Brief —
Transcribe every entry exactly; the images stay out.

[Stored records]
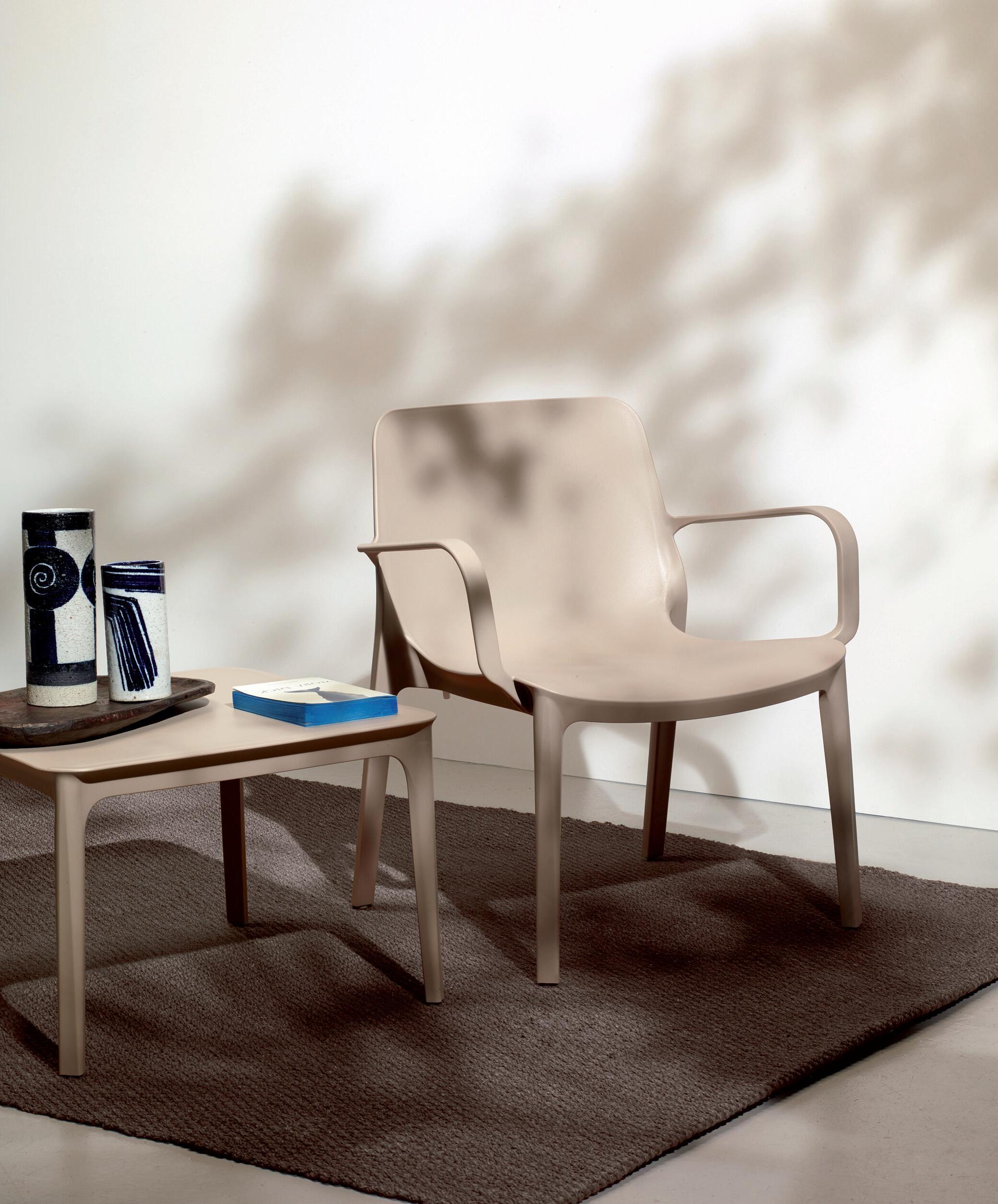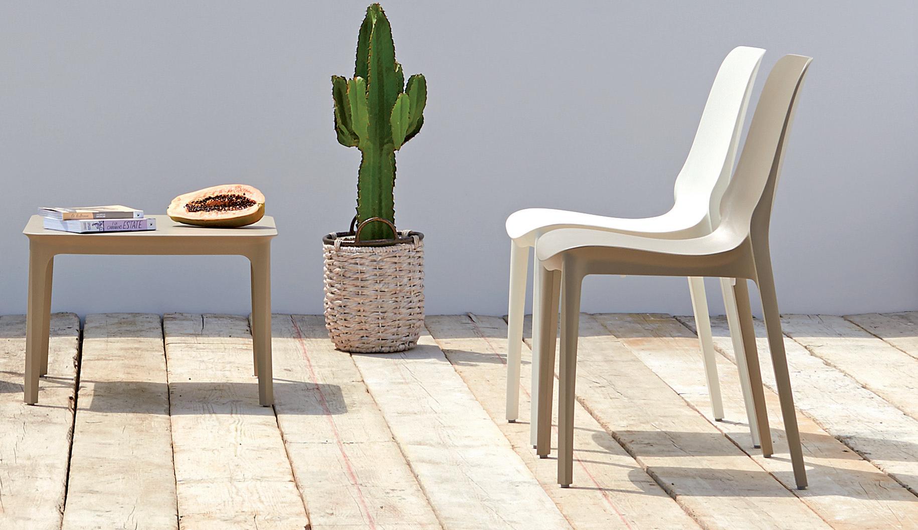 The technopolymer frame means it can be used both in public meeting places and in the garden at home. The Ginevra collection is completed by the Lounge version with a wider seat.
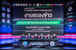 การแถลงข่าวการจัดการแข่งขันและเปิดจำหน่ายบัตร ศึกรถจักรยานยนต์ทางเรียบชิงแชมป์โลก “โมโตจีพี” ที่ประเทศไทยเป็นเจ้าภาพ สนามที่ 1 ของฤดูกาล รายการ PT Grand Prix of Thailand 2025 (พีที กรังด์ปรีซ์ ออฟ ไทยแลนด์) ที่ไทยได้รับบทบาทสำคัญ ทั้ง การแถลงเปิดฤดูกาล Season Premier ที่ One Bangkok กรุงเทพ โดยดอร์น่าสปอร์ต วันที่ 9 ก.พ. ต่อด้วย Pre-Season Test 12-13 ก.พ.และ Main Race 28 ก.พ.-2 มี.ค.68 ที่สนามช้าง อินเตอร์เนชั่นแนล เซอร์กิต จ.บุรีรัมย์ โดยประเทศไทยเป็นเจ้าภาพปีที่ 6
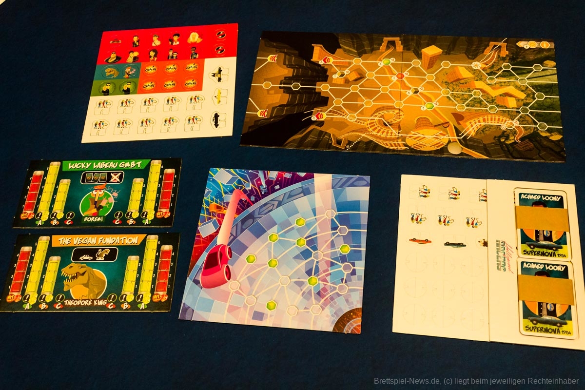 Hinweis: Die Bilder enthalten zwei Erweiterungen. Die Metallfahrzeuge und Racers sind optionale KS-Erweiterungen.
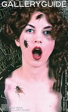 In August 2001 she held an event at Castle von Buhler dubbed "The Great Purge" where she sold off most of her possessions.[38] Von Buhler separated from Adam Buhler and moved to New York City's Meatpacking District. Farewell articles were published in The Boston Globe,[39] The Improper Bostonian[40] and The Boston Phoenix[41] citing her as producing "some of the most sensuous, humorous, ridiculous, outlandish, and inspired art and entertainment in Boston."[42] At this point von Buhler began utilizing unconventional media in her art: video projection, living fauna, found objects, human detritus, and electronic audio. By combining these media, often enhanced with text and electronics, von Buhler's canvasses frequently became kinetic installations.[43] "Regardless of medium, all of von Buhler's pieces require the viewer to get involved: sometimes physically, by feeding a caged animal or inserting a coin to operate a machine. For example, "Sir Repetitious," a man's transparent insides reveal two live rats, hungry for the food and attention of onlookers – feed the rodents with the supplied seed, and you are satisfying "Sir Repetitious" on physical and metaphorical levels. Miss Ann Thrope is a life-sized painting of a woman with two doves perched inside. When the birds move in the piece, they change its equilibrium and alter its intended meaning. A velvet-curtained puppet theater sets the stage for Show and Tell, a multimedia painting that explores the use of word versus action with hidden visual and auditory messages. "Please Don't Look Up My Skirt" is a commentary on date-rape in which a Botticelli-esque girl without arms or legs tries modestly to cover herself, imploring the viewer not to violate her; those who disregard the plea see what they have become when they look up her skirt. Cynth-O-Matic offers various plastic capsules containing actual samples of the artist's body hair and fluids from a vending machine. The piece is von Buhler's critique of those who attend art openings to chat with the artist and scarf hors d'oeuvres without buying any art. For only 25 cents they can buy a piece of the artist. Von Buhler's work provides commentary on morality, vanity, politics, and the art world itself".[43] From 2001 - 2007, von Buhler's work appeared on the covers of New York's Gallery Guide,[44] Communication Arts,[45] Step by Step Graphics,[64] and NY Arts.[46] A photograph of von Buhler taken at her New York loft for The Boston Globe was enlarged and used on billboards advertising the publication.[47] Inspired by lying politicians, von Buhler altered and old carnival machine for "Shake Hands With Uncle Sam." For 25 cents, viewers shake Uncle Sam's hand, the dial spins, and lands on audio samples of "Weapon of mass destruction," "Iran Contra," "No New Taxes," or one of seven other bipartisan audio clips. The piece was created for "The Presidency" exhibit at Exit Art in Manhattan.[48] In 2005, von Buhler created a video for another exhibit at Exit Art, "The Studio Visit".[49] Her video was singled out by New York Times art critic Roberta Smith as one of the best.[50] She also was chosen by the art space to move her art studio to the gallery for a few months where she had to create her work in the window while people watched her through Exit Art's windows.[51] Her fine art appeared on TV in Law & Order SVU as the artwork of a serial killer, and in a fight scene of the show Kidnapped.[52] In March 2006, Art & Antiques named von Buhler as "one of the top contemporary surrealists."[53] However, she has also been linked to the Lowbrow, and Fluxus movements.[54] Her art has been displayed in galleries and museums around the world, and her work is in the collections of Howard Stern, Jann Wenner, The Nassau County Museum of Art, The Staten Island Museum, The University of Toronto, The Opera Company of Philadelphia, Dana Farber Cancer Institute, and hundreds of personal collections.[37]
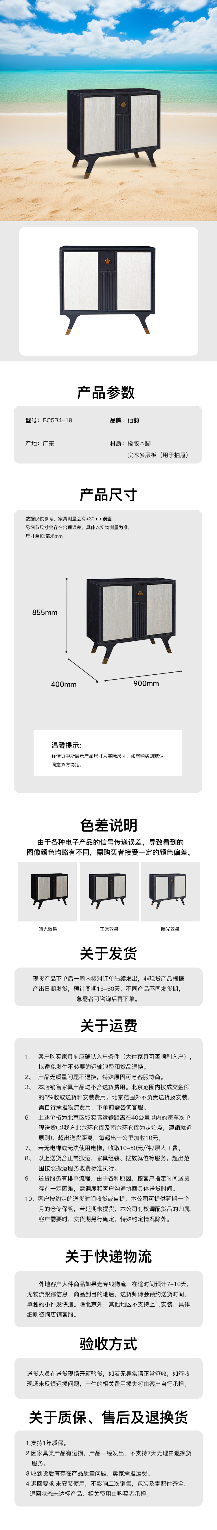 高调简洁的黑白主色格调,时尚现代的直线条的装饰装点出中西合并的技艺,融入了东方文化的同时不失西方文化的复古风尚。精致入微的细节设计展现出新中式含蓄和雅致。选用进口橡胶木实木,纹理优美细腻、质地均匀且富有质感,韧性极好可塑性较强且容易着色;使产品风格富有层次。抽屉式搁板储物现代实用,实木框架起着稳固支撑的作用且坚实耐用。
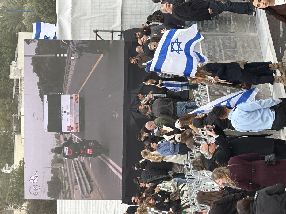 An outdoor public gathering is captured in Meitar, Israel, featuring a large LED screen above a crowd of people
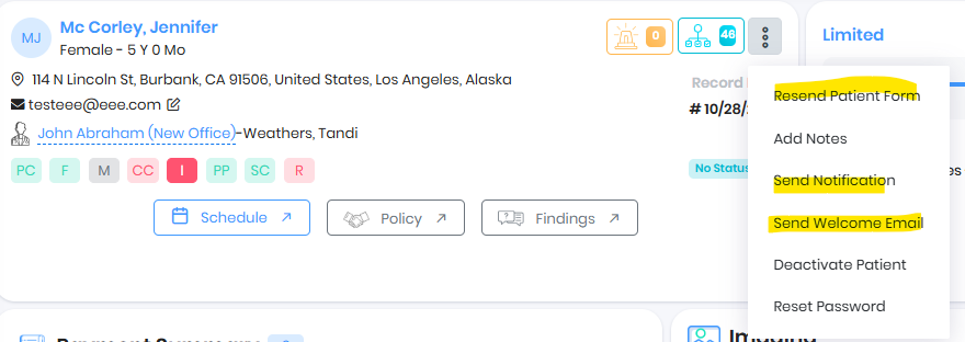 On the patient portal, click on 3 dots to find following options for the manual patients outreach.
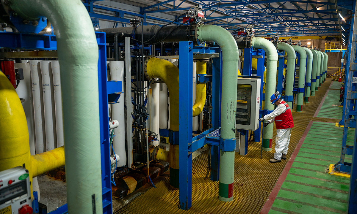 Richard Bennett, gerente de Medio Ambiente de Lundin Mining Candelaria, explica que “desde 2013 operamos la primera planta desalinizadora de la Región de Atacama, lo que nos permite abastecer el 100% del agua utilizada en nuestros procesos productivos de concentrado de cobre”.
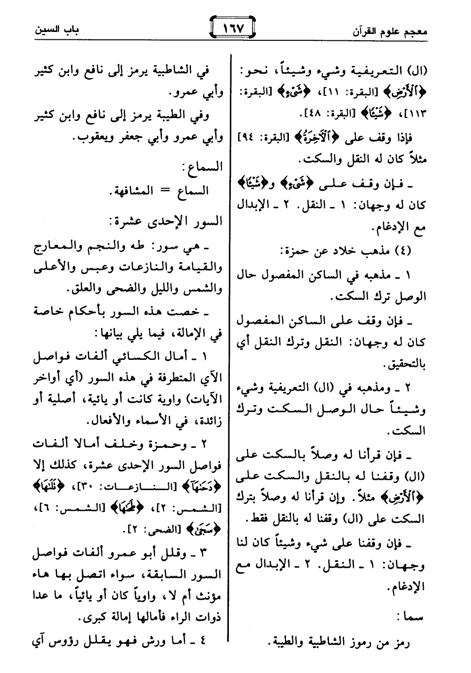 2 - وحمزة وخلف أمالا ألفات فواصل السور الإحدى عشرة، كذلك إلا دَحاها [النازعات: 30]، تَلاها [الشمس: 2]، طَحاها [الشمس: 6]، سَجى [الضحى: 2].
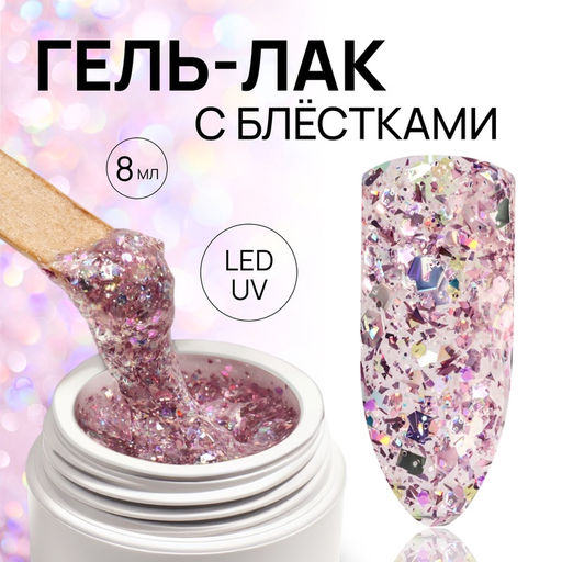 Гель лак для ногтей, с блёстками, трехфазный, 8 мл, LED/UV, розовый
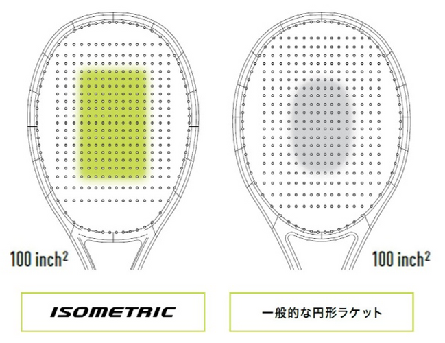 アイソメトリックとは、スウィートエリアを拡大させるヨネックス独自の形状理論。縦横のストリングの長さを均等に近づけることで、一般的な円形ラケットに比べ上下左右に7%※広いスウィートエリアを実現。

Written answer —
 The technopolymer frame means it can be used both in public meeting places and in the garden at home. The Ginevra collection is completed by the Lounge version with a wider seat.
 การแถลงข่าวการจัดการแข่งขันและเปิดจำหน่ายบัตร ศึกรถจักรยานยนต์ทางเรียบชิงแชมป์โลก “โมโตจีพี” ที่ประเทศไทยเป็นเจ้าภาพ สนามที่ 1 ของฤดูกาล รายการ PT Grand Prix of Thailand 2025 (พีที กรังด์ปรีซ์ ออฟ ไทยแลนด์) ที่ไทยได้รับบทบาทสำคัญ ทั้ง การแถลงเปิดฤดูกาล Season Premier ที่ One Bangkok กรุงเทพ โดยดอร์น่าสปอร์ต วันที่ 9 ก.พ. ต่อด้วย Pre-Season Test 12-13 ก.พ.และ Main Race 28 ก.พ.-2 มี.ค.68 ที่สนามช้าง อินเตอร์เนชั่นแนล เซอร์กิต จ.บุรีรัมย์ โดยประเทศไทยเป็นเจ้าภาพปีที่ 6
 Hinweis: Die Bilder enthalten zwei Erweiterungen. Die Metallfahrzeuge und Racers sind optionale KS-Erweiterungen.
 In August 2001 she held an event at Castle von Buhler dubbed "The Great Purge" where she sold off most of her possessions.[38] Von Buhler separated from Adam Buhler and moved to New York City's Meatpacking District. Farewell articles were published in The Boston Globe,[39] The Improper Bostonian[40] and The Boston Phoenix[41] citing her as producing "some of the most sensuous, humorous, ridiculous, outlandish, and inspired art and entertainment in Boston."[42] At this point von Buhler began utilizing unconventional media in her art: video projection, living fauna, found objects, human detritus, and electronic audio. By combining these media, often enhanced with text and electronics, von Buhler's canvasses frequently became kinetic installations.[43] "Regardless of medium, all of von Buhler's pieces require the viewer to get involved: sometimes physically, by feeding a caged animal or inserting a coin to operate a machine. For example, "Sir Repetitious," a man's transparent insides reveal two live rats, hungry for the food and attention of onlookers – feed the rodents with the supplied seed, and you are satisfying "Sir Repetitious" on physical and metaphorical levels. Miss Ann Thrope is a life-sized painting of a woman with two doves perched inside. When the birds move in the piece, they change its equilibrium and alter its intended meaning. A velvet-curtained puppet theater sets the stage for Show and Tell, a multimedia painting that explores the use of word versus action with hidden visual and auditory messages. "Please Don't Look Up My Skirt" is a commentary on date-rape in which a Botticelli-esque girl without arms or legs tries modestly to cover herself, imploring the viewer not to violate her; those who disregard the plea see what they have become when they look up her skirt. Cynth-O-Matic offers various plastic capsules containing actual samples of the artist's body hair and fluids from a vending machine. The piece is von Buhler's critique of those who attend art openings to chat with the artist and scarf hors d'oeuvres without buying any art. For only 25 cents they can buy a piece of the artist. Von Buhler's work provides commentary on morality, vanity, politics, and the art world itself".[43] From 2001 - 2007, von Buhler's work appeared on the covers of New York's Gallery Guide,[44] Communication Arts,[45] Step by Step Graphics,[64] and NY Arts.[46] A photograph of von Buhler taken at her New York loft for The Boston Globe was enlarged and used on billboards advertising the publication.[47] Inspired by lying politicians, von Buhler altered and old carnival machine for "Shake Hands With Uncle Sam." For 25 cents, viewers shake Uncle Sam's hand, the dial spins, and lands on audio samples of "Weapon of mass destruction," "Iran Contra," "No New Taxes," or one of seven other bipartisan audio clips. The piece was created for "The Presidency" exhibit at Exit Art in Manhattan.[48] In 2005, von Buhler created a video for another exhibit at Exit Art, "The Studio Visit".[49] Her video was singled out by New York Times art critic Roberta Smith as one of the best.[50] She also was chosen by the art space to move her art studio to the gallery for a few months where she had to create her work in the window while people watched her through Exit Art's windows.[51] Her fine art appeared on TV in Law & Order SVU as the artwork of a serial killer, and in a fight scene of the show Kidnapped.[52] In March 2006, Art & Antiques named von Buhler as "one of the top contemporary surrealists."[53] However, she has also been linked to the Lowbrow, and Fluxus movements.[54] Her art has been displayed in galleries and museums around the world, and her work is in the collections of Howard Stern, Jann Wenner, The Nassau County Museum of Art, The Staten Island Museum, The University of Toronto, The Opera Company of Philadelphia, Dana Farber Cancer Institute, and hundreds of personal collections.[37]
 高调简洁的黑白主色格调,时尚现代的直线条的装饰装点出中西合并的技艺,融入了东方文化的同时不失西方文化的复古风尚。精致入微的细节设计展现出新中式含蓄和雅致。选用进口橡胶木实木,纹理优美细腻、质地均匀且富有质感,韧性极好可塑性较强且容易着色;使产品风格富有层次。抽屉式搁板储物现代实用,实木框架起着稳固支撑的作用且坚实耐用。
 An outdoor public gathering is captured in Meitar, Israel, featuring a large LED screen above a crowd of people
 On the patient portal, click on 3 dots to find following options for the manual patients outreach.
 Richard Bennett, gerente de Medio Ambiente de Lundin Mining Candelaria, explica que “desde 2013 operamos la primera planta desalinizadora de la Región de Atacama, lo que nos permite abastecer el 100% del agua utilizada en nuestros procesos productivos de concentrado de cobre”.
 2 - وحمزة وخلف أمالا ألفات فواصل السور الإحدى عشرة، كذلك إلا دَحاها [النازعات: 30]، تَلاها [الشمس: 2]، طَحاها [الشمس: 6]، سَجى [الضحى: 2].
 Гель лак для ногтей, с блёстками, трехфазный, 8 мл, LED/UV, розовый
 アイソメトリックとは、スウィートエリアを拡大させるヨネックス独自の形状理論。縦横のストリングの長さを均等に近づけることで、一般的な円形ラケットに比べ上下左右に7%※広いスウィートエリアを実現。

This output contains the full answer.